The tank will stay untouched for now, until I can convince the wife to let me get a tarantula  At least that's the decision for now. Plus, having 2 tanks already on my hands, it's proving to be a bit too much to handle with the limited spare time I have right now. That's because, well, it's a cool pet, I'd love one and the suggested above all have a requirement or another which I'd have to accomodate somehow. Either light, heat, no light, humidity, etc etc.
Thanks everyone for your suggestions, they've been noted and put in a safe place, believe you me


----------



## fishbone (Jan 15, 2007)

Alright, so I'm playing with the idea of setting up this tank as a crabitat.
What I am thinking of doing is dividing it and have half beach and half water, filtered, heated. I could even put a small waterfall at the opposite end of the beach and create a little stream which flows into the water-side. The base of the beach would be half white gravel substrate already present in the tank and half pool filter sand. I'm affraid of using 100% PFS due to compacting/gasses issues. Substrate would be a total of about 4-6 inches tall. I also plan on placing some potted plants in there to create a more realistic environment.
I plan on dividing the wet and dry parts by placing a 6 or 8in slanted piece of either plexiglass or aquarium glass, glued with good'ol aquarium silicone. I might actually consider some other material than glass or plexiglass, as it will be covered by river rocks anyway, aspect is not important but functionality is.
Is this sounding like a good idea so far?
The water side will be brackish, filtered and heated.
Here's the remaining issue though: ambient temp. The aquarium is 17 inches wide inside and the land mass would probably be 22 inches long. The literature says temp should be at least 72*F. During winter, this being my basement, temp will be as low as 66-68*F. The water side isn't an issue as I can just get a submersible heater, but the land mass and ambient temp is the issue.

Can you guys offer some ideas? I can't have a heatlamp as these guys will need night time. An undertank heating mat might be a good idea but I will have to burry it INSIDE the aquarium as I doubt it will be very efficient given the thickness of the land mass. If I go the route of the undertank heater, will this also warm up the air inside the tank, which is covered? It's about 18in tall.
DYIs or retrofitting heaters ideas more than welcome. Basically either heated pads or coils that don't need to be in a wet/moist environment to function [ie, dry-running]
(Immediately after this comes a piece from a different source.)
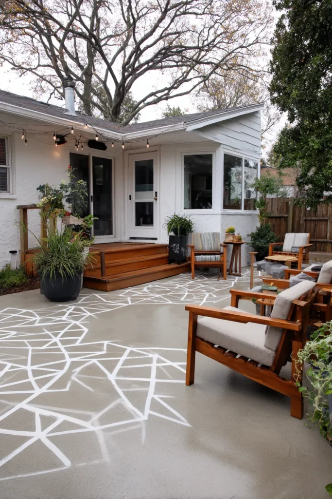 I think this design is just absolutely adorable and it proves you don’t need a massive budget to have a stunning outdoor space. I especially love how they’ve used the concrete to create that incredible pattern; it gives the patio so much character and feels totally custom, not cookie-cutter at all. The entire area has such a warm, inviting feel, making me picture myself spending all my weekend mornings out there sipping coffee and reading. It’s definitely a home that’s full of sweet, approachable style.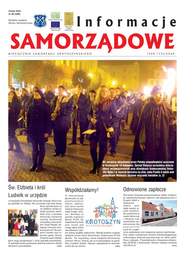 listopad 2013r. www.is.krotoszyn.pl nr 10 (129) 10 (129) Redaktor wydania: Monika Menzfeld-Czubak MIESIĘCZNIK SAMORZĄDU KROTOSZYŃSKIEGO I S S N 1 7 3 2 -2 0 4 9 95. rocznicê odzyskania przez Polskê niepodleg³oœci uczczono w Krotoszynie 10 listopada. Sprzed Ratusza uczestnicy uroczystoœci przemaszerowali przy dŸwiêkach Krotoszyñskiej Orkiestry Dêtej i w asyœcie harcerzy na plac Jana Paw³a II gdzie pod pomnikiem Wolnoœci z³o¿ono wi¹zanki kwiatów (s. 2) fot. Izabela Bartoœ 14 listopada Przedszkole Słoneczko świętuje dzień swojej patronki św. Elżiety. Dla uczczenia tego dnia dwoje dzieci przebranych za św. Elżbietę i króla Ludwika, jej męża, odwiedziło wraz z dyrektor Słoneczka Emanuelą Aurelią Bartkowiak oraz jedną z nauczycielek Urząd Miejski. Delegacja wręczyła wiceburmistrzowi Ryszardowi Czuszke oraz sekretarz gminy Beacie Pospiech małe chlebki, które mają przypominać o życiu patronki przedszkola. W podziękowaniu przekazano gościom kolorowe ołówki (eliz) dla dzieci z przedszkola. Wspó³dzia³amy! Odnowione zaplecze W internetowym głosowaniu na najpopularniejsze miasto, ogłoszonym przez portal Zumi.pl, Krotoszyn zajął drugie miejsce. Mieliśmy co prawda najwięcej głosów, 38 261, ale organizatorzy brali przy ocenie pod uwagę także liczbę mieszkańców miasta, którzy mogliby zagłosować. Dlatego konkurs wygrała mniejsza od nas Rawa Mazowiecka, zdobywczyni 23 828 głosów. Nie wygraliśmy zatem kampanii internetowej wartości 100 tys. złotych, ale za to pokazaliśmy, że potrafimy wspólnie działać. Obyśmy zapamiętali to doświad(eliz) czenie już na zawsze. Pod koniec listopada przeprowadzono odbiór techniczny zmodernizowanego zaplecza sali gimnastycznej w Zespole Szkół w Orpiszewie. Zakres prac objął między innymi wydzielenie pomieszczeń szatni dziewcząt i chłopców oraz sanitariatów, pomieszczenia dla nauczyciela wych. fiz. z zapleczem sanitarnym oraz magazynu sprzętu sportowego. Przy szkole wybudowano również jednokondygnacyjny, wolnostojący budynek przeznaczony na skład opału. Prace wykonało Przedsiębiorstwo Remontowo-Budowlane KUBIAK z Krotoszyna. Wartość zadania wyniosła 1 142.760,55 zł. (iwo) fot. archiwum Œw. El¿bieta i król Ludwik w urzêdzie 10 (129) 1 grudnia 2013 r. (niedziela) o godz. 19.00 w nowej salce koncertowej Krotoszyñskiego Oœrodka Kultury (ul. 56 Pu³ku Piechoty Wlkp. 18) wyst¹pi znany m.in. ze wspó³pracy z Pej¹ KROOLIK UNDERWOOD z zespo³em oraz zaproszeni goœcie: BNS, CARTMAN, KARZE£, K6, VALLY, SIGMA NGWM oraz DJ WLB. Dodatkowo wyst¹pi¹ krotoszyñscy B-Boy’e. Bilety na koncert w cenie 10 z³otych do nabycia w klubie Rivendell (Stowarzyszenie Twoja Alternatywa) oraz w KL Studio w Krotoszynie. Zamówienia pod numerem telefonu: 793 216 479 Do 3 grudnia w krotoszyñskim Muzeum Regionalnym mo¿na ogl¹daæ wystawê „Wrzesieñ 1939”. Krotoszyñski Oœrodek Kultury ju¿ po raz 22. organizuje Ogólnopolski Turniej Poetycki „Autoportret Jesienny” i serdecznie zaprasza wszystkich poetów powy¿ej 21. roku ¿ycia do udzia³u. Termin nadsy³ania wierszy mija 7 grudnia 2013 r. Regulamin dostêpny na stronie internetowej KOK-u. 6 grudnia o godz. 12.00 w sali reprezentacyjnej krotoszyñskiego Ratusza odbêdzie siê uroczysta sesja Rady Miejskiej zwi¹zana z nadaniem tytu³u "Honorowy Obywatel Krotoszyna" profesorowi W³adys³awowi Stró¿ewskiemu 8 grudnia na krotoszyñskim rynku w godz. od 9.00 do 15.00 odbêdzie siê IV Jarmark Œwi¹teczny organizowany przez Stowarzyszenie Szko³y na Parcelkach wraz ze Stowarzyszeniem „Krotoszyñskie Centrum Przedsiêbiorczoœci” (plakat - s.8). 16 grudnia o godz. 19.00 w herbaciarni Camellia na Ma³ym Rynku wyst¹pi Guillaume Maupin - wstêp wolny. Guillaume koncertuje na ca³ym œwiecie, wystêpuje w mieszkaniach i na wielkich scenach. Œpiewa od dziecka: covery, tradycyjne utwory francuskie i inne. Koncert na Facebooku: https://www.facebook.com/events/ 175727395959966/?source=1 Urz¹d Miejski w Krotoszynie Centrala Faks Punkt Informacyjny Sekretariat Burmistrza Biuro Rady Miejskiej Stra¿ Miejska (62) (62) (62) (62) (62) (62) (62) 725 725 722 722 722 722 722 42 34 74 74 74 74 74 01 36 58 14 51 07 57 Burmistrz Julian Jokœ przyjmuje interesantów we wtorki w godz. 15.30 – 16.30. Przewodnicz¹ca Rady Miejskiej Zofia Jamka przyjmuje interesantów we wtorki w godz. 14.00 – 15.00. Starostwo Powiatowe (62) 725 42 56 (62) 725 42 57 Powiatowy Urz¹d Pracy (62) 725 36 84 (62) 725 44 56 Komenda Powiatowa Policji w Krotoszynie (62) 725 52 00 Komenda Powiatowa Pañstwowej Stra¿y Po¿arnej (62) 725 29 21 (62) 725 29 22 Miejsko-Gminny Oœrodek Pomocy Spo³ecznej (62) 725 36 68 (62) 725 39 96 Urz¹d Skarbowy 2 95. rocznicê odzyskania przez Polskê niepodleg³oœci uczczono w Krotoszynie 10 listopada. Uroczystoœæ rozpoczê³a siê na krotoszyñskim Rynku o godz. 17.30 podniesieniem flagi pañstwowej na Ratuszu. O wydarzeniach sprzed 95 lat przypomnieli zgromadzonym historycy: dr Edward Jokiel, nauczyciel I LO oraz Piotr Mikołajczyk, dyrektor krotoszyńskiego muzeum. Uczestnicy uroczystości: poczty sztandarowe, władze samorządowe powiatu i gmin ościennych, reprezentanci organizacji politycznych i kombatanckich, przedstawiciele służb i jednostek organizacyjnych, delegacje młodzieży oraz mieszkańcy przemaszerowali przy dźwiękach Krotoszyńskiej Orkiestry Dętej i w asyście harcerzy na plac Jana Pawła II gdzie pod pomnikiem Wolności złożono wiązanki kwiatów. O godz. 18.00 w kościele św. Apostołów Piotra i Pawła odprawiona została msza św. w intencji Ojczyzny. Uroczystości patriotyczne zakończyły się w”Przedwiośniu”, gdzie dla publiczności wystąpił Zespół Tańca Ludowego”Krotoszanie”. (mm) Muzeum Regionalne w Krotoszynie serdecznie zaprasza na „Spotkania Gwiazdkowe”. Zajęcia adresowane są głównie dla dzieci przedszkolnych oraz uczniów szkół podstawowych i obejmują: • krotoszyńskie

Ideas? Thoughts? Observations?


----------



## lashalove (Dec 19, 2006)

That sounds like a really cool set-up.
As for your heating issues, would something like this work?

 Fluker's Ceramic Heating Emitter


I used these when I kept iguanas, worked great. 

Lasha


----------



## fishbone (Jan 15, 2007)

Yes! I was recommended and I settled on ceramic bulbs. I was told 60w should do the trick, I can always get one from a LFS and if too strong or too weak, return it for something else.
I'll keep a log once I start


----------



## Willow (Mar 20, 2005)

Yeah, I had ceramic heat emitters in my crabitat for a while, but they evidently don't work well with thermostats (the temp would sometimes just drop, like the emitter had burned out, but it hadn't :? ), so I switched to nighttime red heat lamps (100 watts for the 55g, 150 for the 75g, but with thermostats to regulate the temp. If you don't get a thermostat, use a lower wattage--you don't want baked crabs). I don't really care for the red glow, but it keeps the temp just right. You should aim for a hot area of about 80-82 degrees, and a cool area of about 72 degrees. Some people will put an under-tank heater on the side of the tank, but this doesn't really add much to the air temps, just heats the immediate substrate.

It's great to have a water area with brackish water, but you should also have a couple water dishes--one with only fresh water, and one with full-strength salt water. They don't have to be huge, but the crabs need to be able to regulate the saline balance of the water they keep in their shells.

Eco-Earth (or another coconut coir substrate) is a great addition to a crabitat, especially if you want live plants. I like to mix Eco-Earth and fine playsand (they sell the best stuff at Toys-R-Us), about 75% EE/25% sand. I don't know what pool filter sand is like, but if it packs well (like to make a sandcastle with), it should be fine. The lower substrate needs to be kept moist so it doesn't fall in on the crabs as they tunnel. The top can be dry or moist, whatever you prefer, as long as the lower level is moist enough to pack. This also helps to keep the humidity up. 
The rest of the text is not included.